*Materials provided*
☆ ☆ ☆ ☆ ☆

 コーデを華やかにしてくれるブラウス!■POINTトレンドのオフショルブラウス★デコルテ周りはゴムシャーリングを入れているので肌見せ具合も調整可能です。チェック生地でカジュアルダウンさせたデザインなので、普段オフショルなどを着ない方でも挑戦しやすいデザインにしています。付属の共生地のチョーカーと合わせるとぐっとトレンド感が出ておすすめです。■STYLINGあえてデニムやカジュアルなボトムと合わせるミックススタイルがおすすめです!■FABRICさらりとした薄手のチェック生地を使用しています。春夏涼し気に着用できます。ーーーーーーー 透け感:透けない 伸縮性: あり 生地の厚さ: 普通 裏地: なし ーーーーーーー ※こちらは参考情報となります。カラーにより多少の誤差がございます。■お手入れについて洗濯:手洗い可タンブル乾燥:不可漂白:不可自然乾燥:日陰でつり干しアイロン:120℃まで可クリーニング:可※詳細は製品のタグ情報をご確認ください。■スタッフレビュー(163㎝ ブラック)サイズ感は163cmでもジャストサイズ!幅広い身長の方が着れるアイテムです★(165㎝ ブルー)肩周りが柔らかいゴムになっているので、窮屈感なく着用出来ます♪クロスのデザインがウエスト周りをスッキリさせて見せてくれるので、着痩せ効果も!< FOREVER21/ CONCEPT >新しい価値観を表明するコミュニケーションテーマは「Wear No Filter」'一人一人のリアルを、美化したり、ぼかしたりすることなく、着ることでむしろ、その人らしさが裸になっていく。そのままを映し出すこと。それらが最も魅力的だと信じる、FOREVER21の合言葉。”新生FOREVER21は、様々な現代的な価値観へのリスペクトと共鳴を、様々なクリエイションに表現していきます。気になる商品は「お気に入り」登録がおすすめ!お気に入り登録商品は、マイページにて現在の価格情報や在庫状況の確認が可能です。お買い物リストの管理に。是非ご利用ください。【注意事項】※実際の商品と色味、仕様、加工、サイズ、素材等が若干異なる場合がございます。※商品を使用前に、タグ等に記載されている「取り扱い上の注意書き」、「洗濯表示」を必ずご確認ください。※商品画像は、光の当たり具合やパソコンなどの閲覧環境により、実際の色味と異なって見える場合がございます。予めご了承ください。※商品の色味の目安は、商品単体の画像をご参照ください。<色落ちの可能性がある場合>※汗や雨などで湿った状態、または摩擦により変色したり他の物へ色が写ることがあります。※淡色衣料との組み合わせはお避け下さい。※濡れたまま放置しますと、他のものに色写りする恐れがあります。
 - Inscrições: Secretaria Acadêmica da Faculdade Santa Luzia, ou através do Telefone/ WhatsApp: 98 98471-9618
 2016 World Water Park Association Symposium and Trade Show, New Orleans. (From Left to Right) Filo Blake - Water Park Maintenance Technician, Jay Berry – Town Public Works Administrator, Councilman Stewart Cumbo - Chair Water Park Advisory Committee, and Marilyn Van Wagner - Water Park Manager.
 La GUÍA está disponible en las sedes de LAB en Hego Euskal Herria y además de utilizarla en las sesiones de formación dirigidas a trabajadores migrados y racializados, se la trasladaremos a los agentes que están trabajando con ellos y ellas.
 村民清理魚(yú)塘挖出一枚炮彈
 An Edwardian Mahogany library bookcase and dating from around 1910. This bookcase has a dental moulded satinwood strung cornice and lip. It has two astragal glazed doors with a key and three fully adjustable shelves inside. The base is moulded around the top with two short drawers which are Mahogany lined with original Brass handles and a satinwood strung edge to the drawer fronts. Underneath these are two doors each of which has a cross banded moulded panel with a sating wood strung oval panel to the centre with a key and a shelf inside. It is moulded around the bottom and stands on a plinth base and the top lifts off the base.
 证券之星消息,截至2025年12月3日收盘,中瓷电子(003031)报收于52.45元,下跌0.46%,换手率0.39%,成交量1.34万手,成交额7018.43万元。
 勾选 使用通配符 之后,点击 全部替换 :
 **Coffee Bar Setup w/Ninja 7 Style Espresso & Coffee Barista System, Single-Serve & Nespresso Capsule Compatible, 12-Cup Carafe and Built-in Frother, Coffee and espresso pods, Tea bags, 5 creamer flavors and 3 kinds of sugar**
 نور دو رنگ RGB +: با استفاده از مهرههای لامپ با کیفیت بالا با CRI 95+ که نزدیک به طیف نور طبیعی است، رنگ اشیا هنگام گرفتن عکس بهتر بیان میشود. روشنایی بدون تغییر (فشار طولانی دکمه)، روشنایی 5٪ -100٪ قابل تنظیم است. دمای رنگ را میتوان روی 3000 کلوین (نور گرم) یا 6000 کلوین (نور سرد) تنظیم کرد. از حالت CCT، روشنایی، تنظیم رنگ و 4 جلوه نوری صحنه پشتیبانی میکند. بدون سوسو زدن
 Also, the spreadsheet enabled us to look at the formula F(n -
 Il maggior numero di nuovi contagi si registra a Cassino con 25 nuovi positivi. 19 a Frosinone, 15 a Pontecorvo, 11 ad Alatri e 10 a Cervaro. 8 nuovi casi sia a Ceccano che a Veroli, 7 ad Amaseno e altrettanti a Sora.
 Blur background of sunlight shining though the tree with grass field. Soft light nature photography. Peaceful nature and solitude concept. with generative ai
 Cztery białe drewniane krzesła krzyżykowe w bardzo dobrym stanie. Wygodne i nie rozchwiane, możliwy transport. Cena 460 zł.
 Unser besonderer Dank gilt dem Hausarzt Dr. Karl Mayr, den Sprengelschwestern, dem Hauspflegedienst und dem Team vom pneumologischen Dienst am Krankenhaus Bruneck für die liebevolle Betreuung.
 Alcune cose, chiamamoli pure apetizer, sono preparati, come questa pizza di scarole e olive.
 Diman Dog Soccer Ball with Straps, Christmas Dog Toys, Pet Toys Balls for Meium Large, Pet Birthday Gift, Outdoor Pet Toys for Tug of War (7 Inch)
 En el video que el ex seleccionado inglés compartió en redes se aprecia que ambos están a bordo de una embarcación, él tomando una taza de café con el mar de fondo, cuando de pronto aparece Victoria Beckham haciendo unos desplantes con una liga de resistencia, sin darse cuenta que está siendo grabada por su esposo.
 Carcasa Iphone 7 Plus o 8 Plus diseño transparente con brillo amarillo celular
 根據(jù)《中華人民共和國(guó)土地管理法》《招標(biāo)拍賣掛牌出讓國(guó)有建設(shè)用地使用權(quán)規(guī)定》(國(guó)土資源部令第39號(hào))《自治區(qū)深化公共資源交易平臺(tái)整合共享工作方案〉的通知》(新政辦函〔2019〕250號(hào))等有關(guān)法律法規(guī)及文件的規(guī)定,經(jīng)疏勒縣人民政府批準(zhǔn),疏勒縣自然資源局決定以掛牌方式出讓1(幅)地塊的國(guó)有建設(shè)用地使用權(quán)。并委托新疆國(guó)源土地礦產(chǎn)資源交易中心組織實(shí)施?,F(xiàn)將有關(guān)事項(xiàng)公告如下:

☆ ☆ ☆ ☆ ☆

*Instructions for the task*
Could you copy out all of the records above exactly?

*Problem solution*
 コーデを華やかにしてくれるブラウス!■POINTトレンドのオフショルブラウス★デコルテ周りはゴムシャーリングを入れているので肌見せ具合も調整可能です。チェック生地でカジュアルダウンさせたデザインなので、普段オフショルなどを着ない方でも挑戦しやすいデザインにしています。付属の共生地のチョーカーと合わせるとぐっとトレンド感が出ておすすめです。■STYLINGあえてデニムやカジュアルなボトムと合わせるミックススタイルがおすすめです!■FABRICさらりとした薄手のチェック生地を使用しています。春夏涼し気に着用できます。ーーーーーーー 透け感:透けない 伸縮性: あり 生地の厚さ: 普通 裏地: なし ーーーーーーー ※こちらは参考情報となります。カラーにより多少の誤差がございます。■お手入れについて洗濯:手洗い可タンブル乾燥:不可漂白:不可自然乾燥:日陰でつり干しアイロン:120℃まで可クリーニング:可※詳細は製品のタグ情報をご確認ください。■スタッフレビュー(163㎝ ブラック)サイズ感は163cmでもジャストサイズ!幅広い身長の方が着れるアイテムです★(165㎝ ブルー)肩周りが柔らかいゴムになっているので、窮屈感なく着用出来ます♪クロスのデザインがウエスト周りをスッキリさせて見せてくれるので、着痩せ効果も!< FOREVER21/ CONCEPT >新しい価値観を表明するコミュニケーションテーマは「Wear No Filter」'一人一人のリアルを、美化したり、ぼかしたりすることなく、着ることでむしろ、その人らしさが裸になっていく。そのままを映し出すこと。それらが最も魅力的だと信じる、FOREVER21の合言葉。”新生FOREVER21は、様々な現代的な価値観へのリスペクトと共鳴を、様々なクリエイションに表現していきます。気になる商品は「お気に入り」登録がおすすめ!お気に入り登録商品は、マイページにて現在の価格情報や在庫状況の確認が可能です。お買い物リストの管理に。是非ご利用ください。【注意事項】※実際の商品と色味、仕様、加工、サイズ、素材等が若干異なる場合がございます。※商品を使用前に、タグ等に記載されている「取り扱い上の注意書き」、「洗濯表示」を必ずご確認ください。※商品画像は、光の当たり具合やパソコンなどの閲覧環境により、実際の色味と異なって見える場合がございます。予めご了承ください。※商品の色味の目安は、商品単体の画像をご参照ください。<色落ちの可能性がある場合>※汗や雨などで湿った状態、または摩擦により変色したり他の物へ色が写ることがあります。※淡色衣料との組み合わせはお避け下さい。※濡れたまま放置しますと、他のものに色写りする恐れがあります。
 - Inscrições: Secretaria Acadêmica da Faculdade Santa Luzia, ou através do Telefone/ WhatsApp: 98 98471-9618
 2016 World Water Park Association Symposium and Trade Show, New Orleans. (From Left to Right) Filo Blake - Water Park Maintenance Technician, Jay Berry – Town Public Works Administrator, Councilman Stewart Cumbo - Chair Water Park Advisory Committee, and Marilyn Van Wagner - Water Park Manager.
 La GUÍA está disponible en las sedes de LAB en Hego Euskal Herria y además de utilizarla en las sesiones de formación dirigidas a trabajadores migrados y racializados, se la trasladaremos a los agentes que están trabajando con ellos y ellas.
 村民清理魚(yú)塘挖出一枚炮彈
 An Edwardian Mahogany library bookcase and dating from around 1910. This bookcase has a dental moulded satinwood strung cornice and lip. It has two astragal glazed doors with a key and three fully adjustable shelves inside. The base is moulded around the top with two short drawers which are Mahogany lined with original Brass handles and a satinwood strung edge to the drawer fronts. Underneath these are two doors each of which has a cross banded moulded panel with a sating wood strung oval panel to the centre with a key and a shelf inside. It is moulded around the bottom and stands on a plinth base and the top lifts off the base.
 证券之星消息,截至2025年12月3日收盘,中瓷电子(003031)报收于52.45元,下跌0.46%,换手率0.39%,成交量1.34万手,成交额7018.43万元。
 勾选 使用通配符 之后,点击 全部替换 :
 **Coffee Bar Setup w/Ninja 7 Style Espresso & Coffee Barista System, Single-Serve & Nespresso Capsule Compatible, 12-Cup Carafe and Built-in Frother, Coffee and espresso pods, Tea bags, 5 creamer flavors and 3 kinds of sugar**
 نور دو رنگ RGB +: با استفاده از مهرههای لامپ با کیفیت بالا با CRI 95+ که نزدیک به طیف نور طبیعی است، رنگ اشیا هنگام گرفتن عکس بهتر بیان میشود. روشنایی بدون تغییر (فشار طولانی دکمه)، روشنایی 5٪ -100٪ قابل تنظیم است. دمای رنگ را میتوان روی 3000 کلوین (نور گرم) یا 6000 کلوین (نور سرد) تنظیم کرد. از حالت CCT، روشنایی، تنظیم رنگ و 4 جلوه نوری صحنه پشتیبانی میکند. بدون سوسو زدن
 Also, the spreadsheet enabled us to look at the formula F(n -
 Il maggior numero di nuovi contagi si registra a Cassino con 25 nuovi positivi. 19 a Frosinone, 15 a Pontecorvo, 11 ad Alatri e 10 a Cervaro. 8 nuovi casi sia a Ceccano che a Veroli, 7 ad Amaseno e altrettanti a Sora.
 Blur background of sunlight shining though the tree with grass field. Soft light nature photography. Peaceful nature and solitude concept. with generative ai
 Cztery białe drewniane krzesła krzyżykowe w bardzo dobrym stanie. Wygodne i nie rozchwiane, możliwy transport. Cena 460 zł.
 Unser besonderer Dank gilt dem Hausarzt Dr. Karl Mayr, den Sprengelschwestern, dem Hauspflegedienst und dem Team vom pneumologischen Dienst am Krankenhaus Bruneck für die liebevolle Betreuung.
 Alcune cose, chiamamoli pure apetizer, sono preparati, come questa pizza di scarole e olive.
 Diman Dog Soccer Ball with Straps, Christmas Dog Toys, Pet Toys Balls for Meium Large, Pet Birthday Gift, Outdoor Pet Toys for Tug of War (7 Inch)
 En el video que el ex seleccionado inglés compartió en redes se aprecia que ambos están a bordo de una embarcación, él tomando una taza de café con el mar de fondo, cuando de pronto aparece Victoria Beckham haciendo unos desplantes con una liga de resistencia, sin darse cuenta que está siendo grabada por su esposo.
 Carcasa Iphone 7 Plus o 8 Plus diseño transparente con brillo amarillo celular
 根據(jù)《中華人民共和國(guó)土地管理法》《招標(biāo)拍賣掛牌出讓國(guó)有建設(shè)用地使用權(quán)規(guī)定》(國(guó)土資源部令第39號(hào))《自治區(qū)深化公共資源交易平臺(tái)整合共享工作方案〉的通知》(新政辦函〔2019〕250號(hào))等有關(guān)法律法規(guī)及文件的規(guī)定,經(jīng)疏勒縣人民政府批準(zhǔn),疏勒縣自然資源局決定以掛牌方式出讓1(幅)地塊的國(guó)有建設(shè)用地使用權(quán)。并委托新疆國(guó)源土地礦產(chǎn)資源交易中心組織實(shí)施?,F(xiàn)將有關(guān)事項(xiàng)公告如下:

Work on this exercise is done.